Longleat: Titian painting found in plastic bag sells for £17.5m

By Sarah Turnnidge & PA MediaBBC News, West of England

CHRISTIE'S IMAGES LTD. 2024 Rest on the Flight into Egypt. The painting depicts Joseph, Mary and Jesus stopping to rest while travelling.CHRISTIE’S IMAGES LTD. 2024

A painting described as a masterpiece which was found in a plastic bag after being stolen has sold for £17.6m at auction.

Rest On The Flight Into Egypt, painted by Venetian master Titian when he was aged just 20 in 1510, was sold by London auction house Christie’s.

The work was stolen from the drawing room of stately home Longleat in Wiltshire in 1995, but was found seven years later without its frame in a plastic carrier bag in London.

Its sale sets a new world auction record for the artist, auctioneers said.

‘Unique rarity’

Lord Bath, who succeeded his father as the Marquess of Bath in 2020, inheriting the Longleat estate, said the painting had an “extraordinary history”.

Speaking ahead of the sale, he said: “We have a considerable long-term investment strategy at Longleat and have decided to sell this asset to further this agenda at a time when the market for paintings of such unique rarity is so strong.”

The picture, which depicts Mary cradling Jesus as Joseph looks on, is 2ft (60cm) wide and painted on a wooden panel.

It has had many owners over the years, including Austrian Emperor Joseph II, before being hung at the Belvedere Palace in Vienna.

French troops looted the painting in 1809 for the Napoleon Museum, which was assembled by the Bonaparte family.
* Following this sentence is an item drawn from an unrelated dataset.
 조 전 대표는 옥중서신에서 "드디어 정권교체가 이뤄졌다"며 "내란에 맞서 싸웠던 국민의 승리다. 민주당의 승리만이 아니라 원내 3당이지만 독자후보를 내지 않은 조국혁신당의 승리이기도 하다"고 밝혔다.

It was later owned by a Scottish landowner before being bought by the fourth Marquess of Bath in 1878 at a Christie’s auction.

After being stolen in 1995, it was recovered in 2002 by former Scotland Yard detective Charles Hill after a £100,000 reward was offered for information.
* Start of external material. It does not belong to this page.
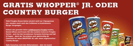 Gesund trifft sehr gesund: in jeder neuen Pringles Aktionspackung findet man einen Gutschein für einen Burger King Junior Whopper. Erhältlich sind die Aktionspackungen in vielen Läden wie Penny oder Kaufland, achtet aber auf den entsprechenden Hinweis auf der Packung. Der Gutschein ist dann im Deckel.

Mr Hill is also credited with helping to recover Edvard Munch’s The Scream after it was stolen in 1994, as well as other famous artworks.

‘Truly outstanding example’

Speaking ahead of the auction, Andrew Fletcher, Christie’s global head of the Old Masters Department, said it was the most important work by Titian to come to the auction market “in more than a generation”.

He added that the picture was “a truly outstanding example of the artist’s pioneering approach to both the use of colour and the representation of the human form in the natural world”.

He said the piece secured Titian’s status as “one of the greatest painters in the history of Western art”.

The painting had had an auction estimate of £15m-£20m.